Женщина сдалась народу. После регистрации под веселым взглядом соседки Вари и пристально изучающим Зины она прошла в строящийся дом, вечером, как человек, сбегала в уборную, потом погас у Паниных свет… И вот тут-то случилось у маркшейдера главное потрясение в жизни. Молодая немолодая, бывшая разведенка, оказалась-таки девой. У Панина на этой почве (потом выяснилось) случился даже микроинфаркт. От неожиданно-сти…
Когда же отошло сердце и вытекли у Людочки все слезы, Панина накрыло такое сопережевание и сочувствие к собственной жене, что он понял: его нелегкая жизнь на воле и в тюрьме ничто с тем, что пришлось пережить ей. Десять лет ведь — не хухры-мухры… Бегала от гинеколога, как от чумы, чтоб не узнали… Кричала ночью в подушки (что и слышали люди) и сама же утешала физика великими русскими словами «не это главное». Ему бы полечиться, но разве мужчина, учитель, партиец пойдет на такое признание? Из ночи в ночь… Десять лет… «Ах ты, Господи! — шептал Панин. — Надо же такому быть?»
Потом у них родился мальчишечка, и все было хорошо, замечательно до того, как стало плохо. Вначале Людочка просто заговаривалась. К примеру.
— Что-то у меня суп не получился… Картошка, что ли, водянистая? Я ракушек подбросила, а они все с червоточиной…
Панин к супу — нормальный. Ничего в нем лишнего. Какие ракушки?
Снял жену с работы, а потом перестал выпускать на улицу. Неловко получалось.
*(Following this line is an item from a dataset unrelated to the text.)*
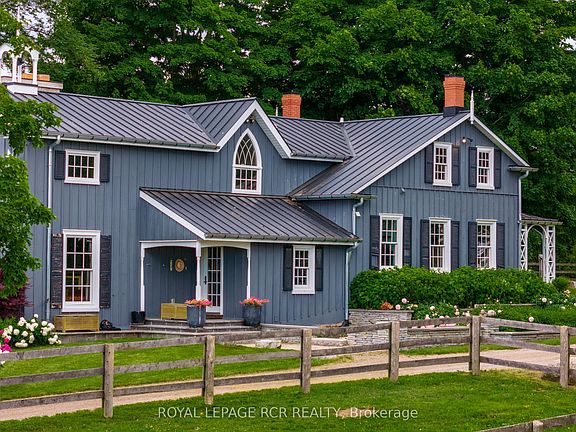Nestled on 99 acres of countryside, this extraordinary estate offers a perfect blend of functionality, and natural beauty. Designed with the horse enthusiast in mind, this property boasts an elegant century home built in 1864, 3 barns and breathtaking landscapes from every sight line. Whether you're an equestrian, a hobbyist, or simply seeking a serene retreat, this estate has everything you need and more. From its sloping roof and inviting porch to its quaint shutters and whimsical details, the house exudes charm and character at every turn. Step inside, and you'll find a large stone fireplace, hardwood floors, and cozy nooks that invite you to relax and unwind. A beautifully designed main floor featuring high ceilings, hardwood floors, and custom finishes throughout. A chef's dream kitchen with soapstone countertops, top-of-the-line appliances, and a spacious island, perfect for entertaining. The main floor is complete with formal dining room, large living area, and an inviting family room with views from all angles. Upstairs features 3 bedrooms including a spacious primary suite with a private balcony, walk-in closets, and an ensuite bathroom with panoramic views from each window. Spanning across acres of paddocks, this horse farm boasts a meticulously designed layout that harmonizes with both the natural surroundings and the needs of its equine residents. Impeccably constructed stables equipped with modern amenities and spacious stalls, your horses will feel right at home. Ample oak board paddocks and lush pastures offer substantial space for your horses to roam, graze, and exercise freely. Located in a countryside setting yet just a short drive away from urban amenities, (Approx. 7km to grocery, restaurants and schools in Schomberg, and less than 10 minutes to Highway 400) this property offers the perfect balance of seclusion and convenience. **EXTRAS** Water lines to paddocks, buried 400 amp service ,new drilled well(2016),kitchen reno(2018).

— Варя, Варя! — кричит Людмила Васильевна. — Что это у вас из окон птицы вылетают? Такими черными стаями… Надо вызвать из области орнитолога. Это же уникальное явление…
И уйдет себе, поет тихонько, и все нормально до следующего раза. Заговаривалась жена Панина, как правило, на тему природного мира, сказывались обширные знания по географии.
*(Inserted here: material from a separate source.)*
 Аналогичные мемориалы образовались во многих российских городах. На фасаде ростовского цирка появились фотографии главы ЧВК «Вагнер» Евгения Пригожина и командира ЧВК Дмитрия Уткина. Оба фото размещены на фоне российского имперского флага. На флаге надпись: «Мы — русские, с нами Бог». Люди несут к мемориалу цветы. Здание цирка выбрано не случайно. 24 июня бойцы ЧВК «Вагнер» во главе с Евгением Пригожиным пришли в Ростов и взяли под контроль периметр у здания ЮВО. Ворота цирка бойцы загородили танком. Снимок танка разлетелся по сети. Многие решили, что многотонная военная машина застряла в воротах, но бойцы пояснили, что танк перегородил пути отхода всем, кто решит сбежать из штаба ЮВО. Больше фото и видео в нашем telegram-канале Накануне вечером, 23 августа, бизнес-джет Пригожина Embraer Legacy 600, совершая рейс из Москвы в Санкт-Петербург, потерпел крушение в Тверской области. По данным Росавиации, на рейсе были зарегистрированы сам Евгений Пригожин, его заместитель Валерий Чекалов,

Очень переживал сын. Стеснялся матери, хотя и жалел ее по-своему. Потом, слава Богу, хорошо поступил в институт, закончил. Сейчас в областном центре главный архитектор города. Красиво все делает, с учетом рельефа, а про озеленение и говорить нечего. Из Европ к нему едут смотреть, какие у него на спуске к никакой, можно сказать, речке растут розы. Он эту малюпусенькую речонку так обыграл, будто она ни тьфу ручеек, а какая-нибудь Миссисипи. Людочке же это все мимо. Завела кошечек — это на здоровье, песни им поет. Временами такая умная, ясная, но уже ненадолго. А когда отнялись у нее ноги, то дело стало совсем плохо. Но Панин врачей не вызывает. Людочка здоровыми руками творит теперь всякое. Раздеться может… Горе, одним словом.
Вот сейчас она кричит «мяу!». Господи, помоги ей…
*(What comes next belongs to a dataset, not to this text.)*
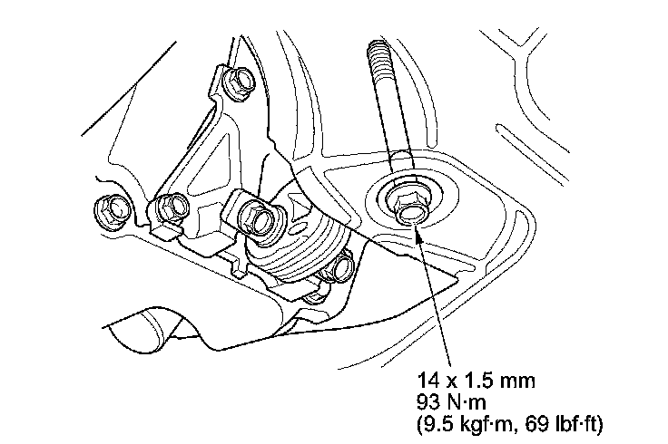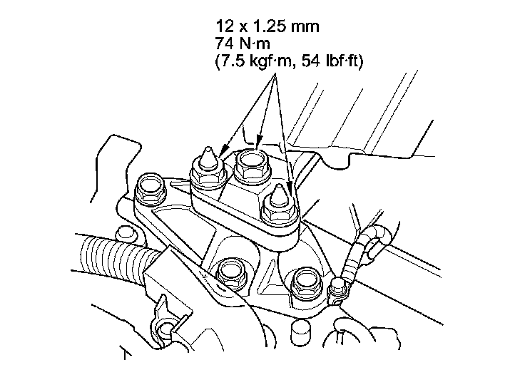 14. Tighten the transmission mount bracket mounting bolt and nuts.

Людочка, видимо, начала раздеваться, но что-то ей помешало. Она сидела в кофте с полуспущенными рукавами, и лицо у нее было твердым, сосредоточенным.
— Не надо раздеваться, детка! — сказал Панин. — Простынешь… Не смотри, что лето… У нас климат континентальный.
— Коля! — тихо сказала Людочка. — Коля! Я хочу на улицу. У меня не ходят ноги? Да? А почему? Что со мной случилось, Коля?
— Ерунда! — ответил Панин, испугавшись и обрадовавшись сразу. Давно не было у нее мысленной здравости, он уже и забыл когда. — Пойдут твои ножки, пойдут! Хочешь я тебя вынесу на воздух?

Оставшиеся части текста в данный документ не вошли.